How did it get to look like this?

How will it end?

Humans have been discussing these questions

for as long as they've been around without ever reaching much agreement.

Today, cosmologists are working hard to find the answers.

But how can anyone hope to find concrete answers to such profound questions?

And how is it possible to explore and study something as huge as the universe,

most of which we'll never be able to reach?

The answer is light.

And although light from distant parts of the universe

can take billions of years to reach us,

it carries six unique messages that, when put together,

can disclose an amazing amount of information to astronomers

who know how to look for it.

Just as sunlight can be split up into the familiar rainbow,

splitting the light from distant objects exposes different patterns of colors

depending on its source.

This distinctive light barcode can reveal not only an object's composition,

but also the temperature and pressure of its constituent parts.

There's even more we can discover from light.

If you've ever stood on a train platform, you might have noticed

that the train sounds different depending on its direction

with the pitch ascending when it approaches you

and descending when it speeds away.

But this isn't because the train conductor is practicing for a second career.

Rather, it's because of something called the Doppler effect

where sound waves generated by an approaching object are compressed,

while those from a receding object are stretched.

But what has this to do with astronomy?

Sound does not travel through a vacuum. In space, no one can you hear you scream!

But the same Doppler effect applies to light whose source is moving at exceptional speed.

If it's moving towards us, the shorter wavelength

will make the light appear to be bluer.

While light from a source that's moving away

will have a longer wavelength, shifting towards red.

So by analyzing the color pattern in the Doppler shift of the light

from any object observed with a telescope, we can learn what it's made of,

how hot it is and how much pressure it's under,

as well as whether it's moving, in what direction and how fast.

And these six measurements, like six points of light,

reveal the history of the universe.

The first person to study the light from distant galaxies was Edwin Hubble,

and the light he observed was redshifted.

The distant galaxies were all moving away from us,

and the further away the were, the faster they were receding.

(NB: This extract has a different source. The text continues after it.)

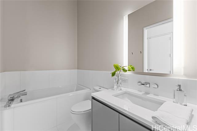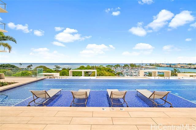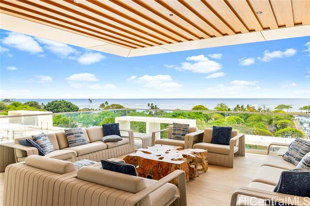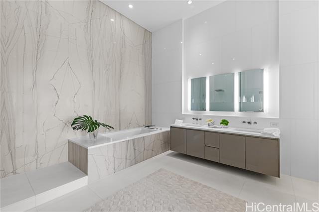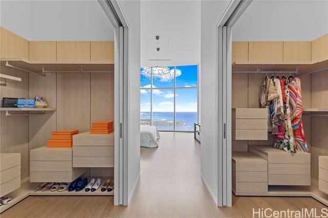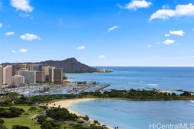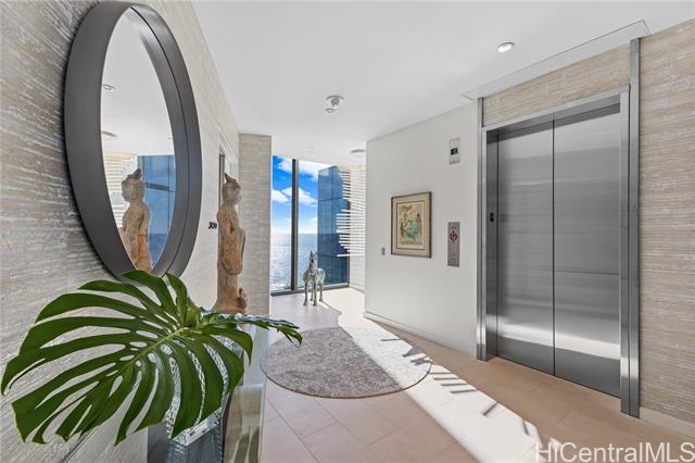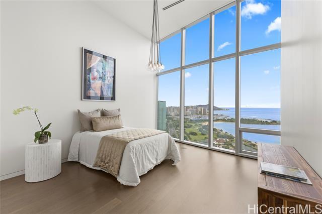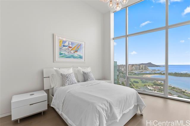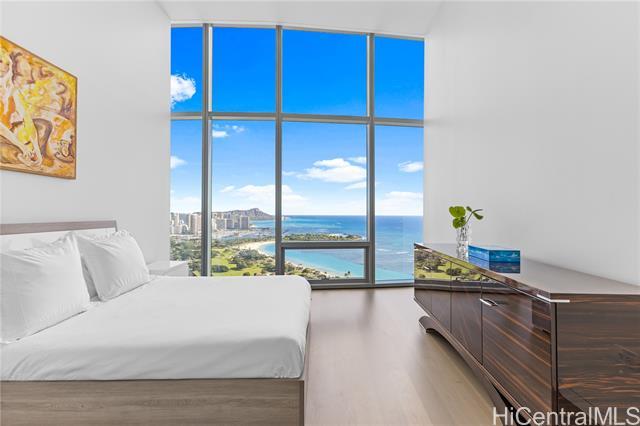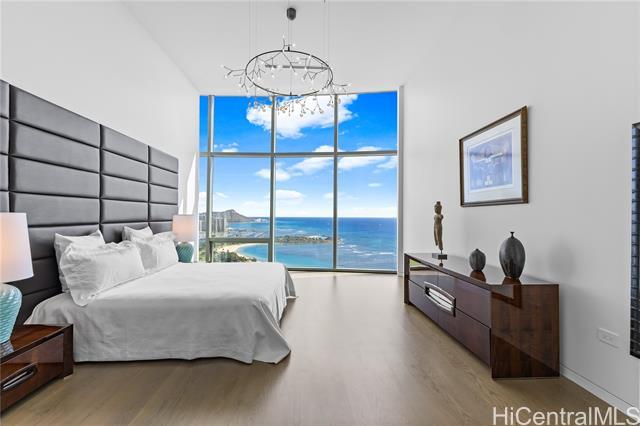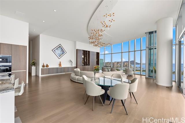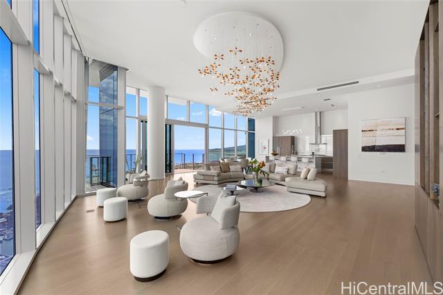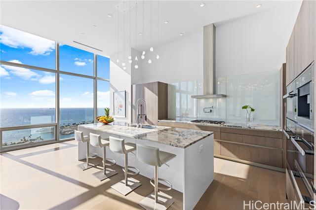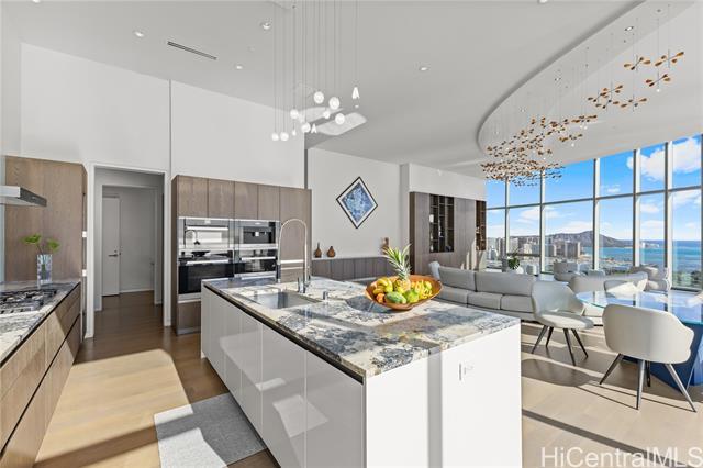 Exceptional offering in Ward Village. Waiea’s Penthouse 3400 commands a breathtaking position where the Pacific, the coastline, and sweeping views of Diamond Head span the horizon. A private elevator and foyer lead into soaring 13.5-ft ceilings and floor-to-ceiling glass framing ocean vistas, sailboats, and sunset skies. This 4,192-sf home features 4 bedrooms, plus a den and 4.5 baths with warm hardwoods, refined finishes, and soft contemporary design. The chef’s kitchen includes Miele appliances, premium European cabinetry, marble countertops, gas cooking, and a wine refrigerator. Bedrooms serve as private retreats with ensuite, spa-inspired baths highlighted by select marble and an onyx feature wall in the primary suite. A private lanai overlooks Magic Island, Ala Moana Beach, and Honolulu’s cityscape. Waiea offers world-class amenities including an ocean-view infinity pool, hot tub, fitness center, theater, dining rooms, BBQ pavilions, guest suites, and concierge services. A rare opportunity to experience penthouse living in Ward Village.

Hubble had discovered our universe is expanding,

providing the first evidence for the Big Bang theory.

Along with the idea that the visible universe has been constantly expanding

from a densely packed single point,

one of this theory's most important predictions

is that the early universe consisted of just two gases: hydrogen and helium,

in a ratio of three to one.

And this prediction can also be tested with light.

If we observe the light from a remote, quiet region of the universe and split it,

we do indeed find the signatures of the two gases in just those proportions.

Another triumph for the Big Bang.

However, many puzzles remain.

Although we know the visible universe is expanding,

gravity should be applying the brakes.

But recent measurements of light from distant dying stars

show us that they're farther away than predicted.

So the expansion of the universe is actually accelerating.

Something appears to be pushing it,

and many scientists believe that something is dark energy,

making up over 2/3 of the universe and slowly tearing it apart.

Our knowledge of the behavior of matter and the precision of our instruments

means that simply observing distant stars can tell us more about the universe

than we ever thought possible.

But there are other mysteries, like the nature of dark energy

upon which we have yet to shed light.